The budget that House Budget Committee Chairman Paul Ryan (R-WI) released today would gut the social safety net as we know it, dismantling Medicare and Medicaid, even as it cuts taxes for the wealthy and corporations. It doesn’t ask the most well-off Americans or the country’s corporate titans to make any sacrifice, instead leaving the burden of deficit and debt reduction on the middle-class.
The budget lays out little in terms of cuts to specific programs, instead simply decreeing caps on levels of spending. But one cut is explicitly proposed in the document — a cut to the Pell Grant program, which provides college tuition assistance to low-income students. Here’s what the budget plan has to say on Pell Grants:
– Return Pell grants to their pre-stimulus levels to curb rising tuition inflation and make sure aid is targeted to the truly needy…This budget takes the necessary next steps to ensure Pell spending is brought under control and targeted to the truly needy instead of being captured in the form of tuition increases.

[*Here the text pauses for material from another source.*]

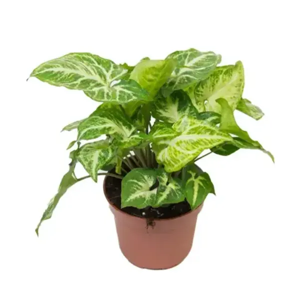 Декоративно-лиственное растение с изящными стрелковидными листьями, окрашенными в различные оттенки — от светло-зелёного до пестролистного с белыми, розовыми или кремовыми прожилками. В молодом возрасте формирует густой куст, а со временем побеги начинают виться, что позволяет выращивать его как ампельное растение или на опоре. Сингониум быстро растёт, легко адаптируется и придаёт интерьеру свежесть и живость благодаря плотной сочной листве.

While the cut is presented in vague language, the practical implications are:
– The maximum grant would be cut by $845 (15.2 percent);
– 1.7 million currently eligible students would be rendered ineligible for grants.
If implemented, this would be the largest reduction in Pell Grants in history, more than eight times higher than the previous record, which was a $100 reduction in the maximum award in 1994. These cuts “will reduce the number of low income students receiving Bachelor’s degrees each year by about 61,000.”
Ryan justifies this cut by claiming that “recent studies have demonstrated that increases in Pell grants appear to be matched nearly one for one by increases in tuition at private universities.” The citation for this claim is a 2005 study (not exactly recent), which says that, while private universities have increased tuition alongside increases in Pell Grants, “we find little evidence that increases in federal Pell grants are positively linked to increases for in-state tuition at public universities.” As of 2009, far more Pell recipients attend public universities than private.
Pell Grants are key to the country’s economic competitiveness and to boosting an educational attainment rate that has stagnated. Cutting them in this way provides little in terms of real budgetary savings, but undermines economic competitiveness and the nation’s supply of human capital.